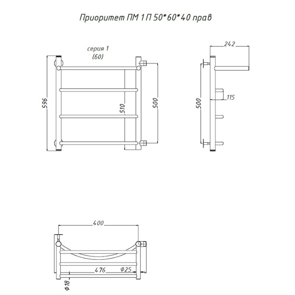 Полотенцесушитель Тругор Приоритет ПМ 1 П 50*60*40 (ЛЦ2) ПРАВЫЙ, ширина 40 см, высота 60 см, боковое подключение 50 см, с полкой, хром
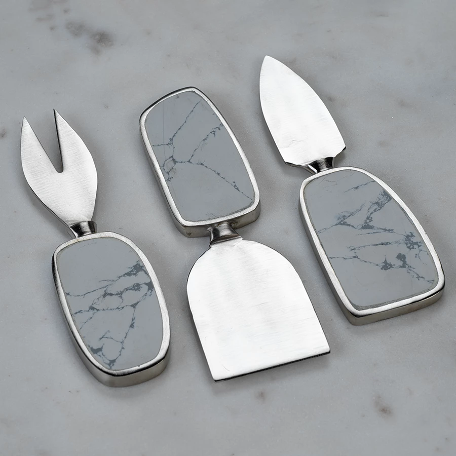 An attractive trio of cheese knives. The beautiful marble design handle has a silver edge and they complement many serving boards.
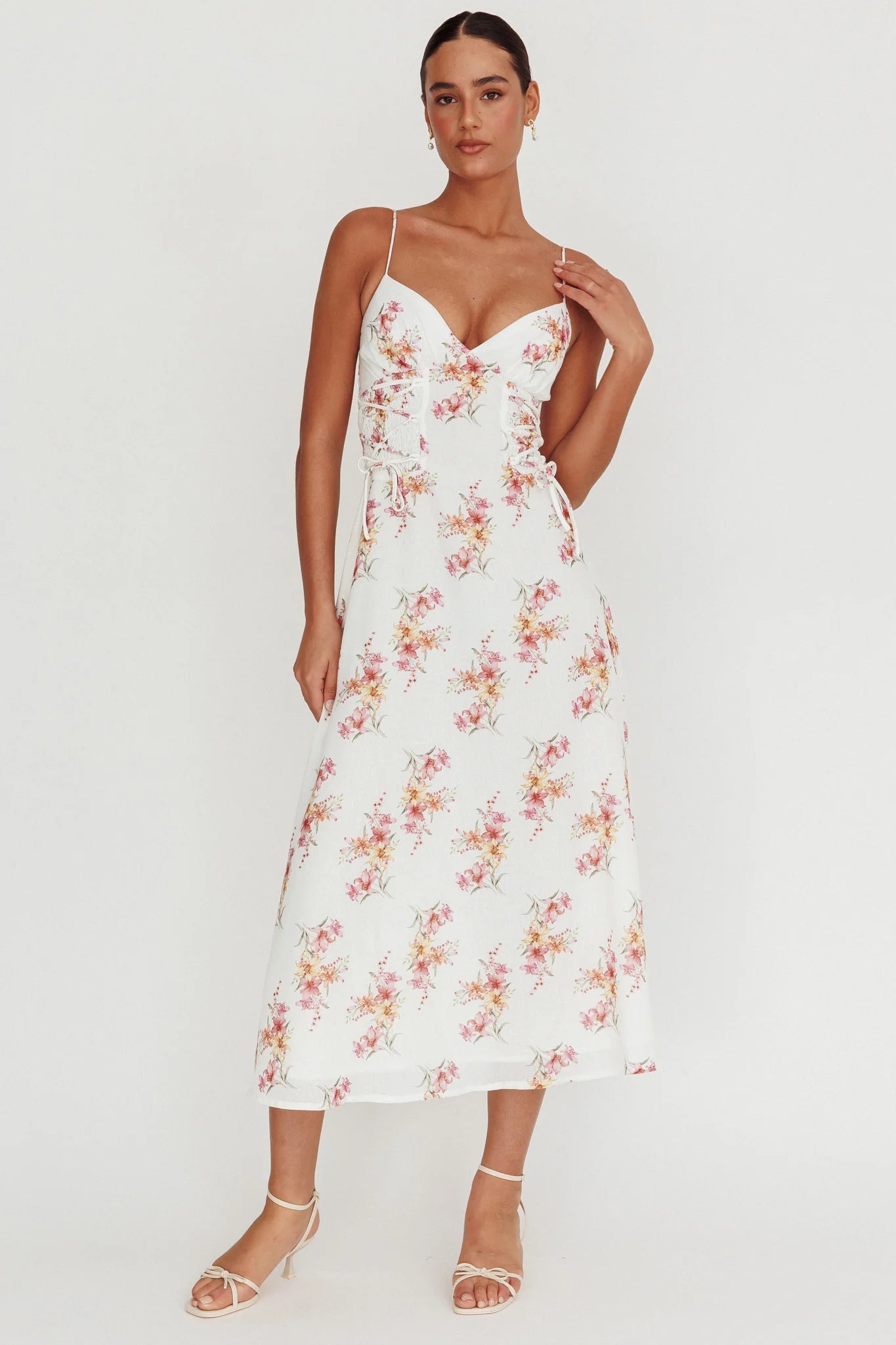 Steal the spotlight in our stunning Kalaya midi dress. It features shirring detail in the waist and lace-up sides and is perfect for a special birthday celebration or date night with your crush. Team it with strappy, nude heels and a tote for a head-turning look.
...
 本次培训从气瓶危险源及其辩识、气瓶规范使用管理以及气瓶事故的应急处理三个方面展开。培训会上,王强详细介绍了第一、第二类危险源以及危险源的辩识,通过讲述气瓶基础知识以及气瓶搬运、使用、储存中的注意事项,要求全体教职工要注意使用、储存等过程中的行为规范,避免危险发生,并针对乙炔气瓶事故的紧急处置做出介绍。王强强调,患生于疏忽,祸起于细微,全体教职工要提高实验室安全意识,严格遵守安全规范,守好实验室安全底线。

**Task instructions:** Repeat exactly the lines above, beginning at the one containing "Полотенцесушитель Тругор Приоритет" and ending at the one containing "An attractive trio". Do not carry over any pictures.

**The completed task:**
 Полотенцесушитель Тругор Приоритет ПМ 1 П 50*60*40 (ЛЦ2) ПРАВЫЙ, ширина 40 см, высота 60 см, боковое подключение 50 см, с полкой, хром
 An attractive trio of cheese knives. The beautiful marble design handle has a silver edge and they complement many serving boards.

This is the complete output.